Monthly: The November candle closed as a large bullish candle and sitting above the ‘resistance-now- turned support’ of the monthly chart’s bear triangle tend line but remains below the resistance of the 2010 highs.
Monthly Ichimoku: The November candle closed well above the monthly Cloud.
Weekly: Last week’s candle closed as a bearish reversal ‘Hanging Man’ candle. This should flash as a bit of a warning for USD bulls:
Weekly Ichimoku: Price is still trading ABOVE the weekly Cloud.
Daily: Price spent another week consolidating below the 2010 high. The index chopped a bit lower with three bearish days but this was followed by two bullish days.
Daily Ichimoku Cloud chart: Price traded above the Cloud all week and there is still an open bullish Tenkan/Kijun cross in play.
4hr: Price chopped down and then back up last week. It is still trading below the resistance of the 2010 highs. Note the recent support trend line. A break and hold below this would suggest some bearish potential:
4hr Ichimoku Cloud chart: Price chopped down through thin Cloud band last week but bounced back up to close above the Cloud. This chart is aligned with the daily chart and suggests long USD.
Monthly: The November candle closed as a bullish candle and this follows on from the previous month’s bullish reversal ‘Inverted Hammer’ candle. I am still seeing a larger-scale bullish ‘inverse H&S’ pattern developing as well.
Monthly Ichimoku: The November candle closed off within the monthly Cloud.
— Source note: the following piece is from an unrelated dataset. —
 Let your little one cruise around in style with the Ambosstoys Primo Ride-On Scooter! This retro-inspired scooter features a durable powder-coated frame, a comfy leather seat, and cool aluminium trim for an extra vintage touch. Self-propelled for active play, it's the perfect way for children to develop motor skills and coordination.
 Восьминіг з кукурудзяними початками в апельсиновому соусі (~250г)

Note the bullish reversal clue from back in October:
Weekly: The weekly candle closed as a bullish coloured ‘inside’ candle.
Weekly Ichimoku: Price is still trading below the weekly Cloud. Note the earlier bullish-reversal clue here too:
Daily: Price chopped higher last week.
Daily Ichimoku Cloud chart: Price is still trading above the daily Cloud. It is not surprising to see this choppy consolidation type of action after breaking back above a key resistance level:
4 hr: Price chopped higher last week.
4 hr Ichimoku Cloud chart: The EURX traded within the Cloud for much of the week as it chopped higher but eventually closed just above the Cloud. This chart is aligned with the daily chart and suggests long EUR.
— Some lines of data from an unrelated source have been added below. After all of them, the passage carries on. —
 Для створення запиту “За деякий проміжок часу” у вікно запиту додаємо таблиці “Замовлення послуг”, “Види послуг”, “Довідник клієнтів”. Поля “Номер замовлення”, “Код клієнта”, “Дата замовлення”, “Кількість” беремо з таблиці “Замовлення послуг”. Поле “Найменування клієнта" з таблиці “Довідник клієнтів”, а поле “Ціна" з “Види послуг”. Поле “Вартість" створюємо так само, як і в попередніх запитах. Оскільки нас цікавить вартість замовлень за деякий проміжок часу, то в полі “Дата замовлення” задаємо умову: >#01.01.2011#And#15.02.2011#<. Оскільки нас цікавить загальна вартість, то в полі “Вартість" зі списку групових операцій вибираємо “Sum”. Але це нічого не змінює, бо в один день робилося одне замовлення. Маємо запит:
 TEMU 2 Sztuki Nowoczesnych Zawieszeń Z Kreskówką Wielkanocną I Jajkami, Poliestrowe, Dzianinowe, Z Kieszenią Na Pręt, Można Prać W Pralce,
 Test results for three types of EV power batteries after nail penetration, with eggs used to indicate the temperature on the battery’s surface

Overall: we have the unusual situation where both indices are above their respective 4 hr and daily Ichimoku Cloud! So don’t be concerned if you’re a bit confused as the indices are too!
USDX: the USDX closed slightly lower in another choppy week and, although it has held above the monthly triangle breakout, it is still struggling at resistance from the previous 2010 highs near 88.50.
The most noteworthy feature on the USDX charts this week, though, is the bearish-reversal ‘Hanging Man’ candle and this looks most ominous. Having such a candle form at major resistance doesn’t bode well for the index and so the 88.50 remains the key level to watch next week.
Any bullish break above 88.50 would put 89.50 and then 90 as next on the radar. The 90 level is a key long term S/R level.
Respect of 88.50 and any trend line break would have me looking for a possible pull back. The index has been on a lengthy bullish run and some pull back, even if only temporary, would not be out of order. Obvious pull back targets include the previously broken monthly trend line and, then, the 83.50 region which is near the monthly and daily 200 EMAs and the 50% fib of the recent bull run (see weekly chart).
EURX: the EURX had a bullish week and continues to hold up well despite the gloomy fundamental EZ picture. Divergence between the Eurozone and US economies continues to be a dominant theme BUT the ‘long USD’ trade still seems a bit battle worn and the EURX is capitalising on this lull. Any bullish break back above the 4hr and weekly 200 EMA region would be rather bullish. I still have my eye on the bullish ‘inverse H&S’ building on the monthly chart though!
Note: The analysis provided above is based purely on technical analysis of the current chart set ups. As always, Fundamental-style events, by way of any Ukraine, Ebola, Eurozone or Middle East events and/or news announcements, continue to be unpredictable triggers for price movement on the indices. These events always have the potential to undermine any technical analysis.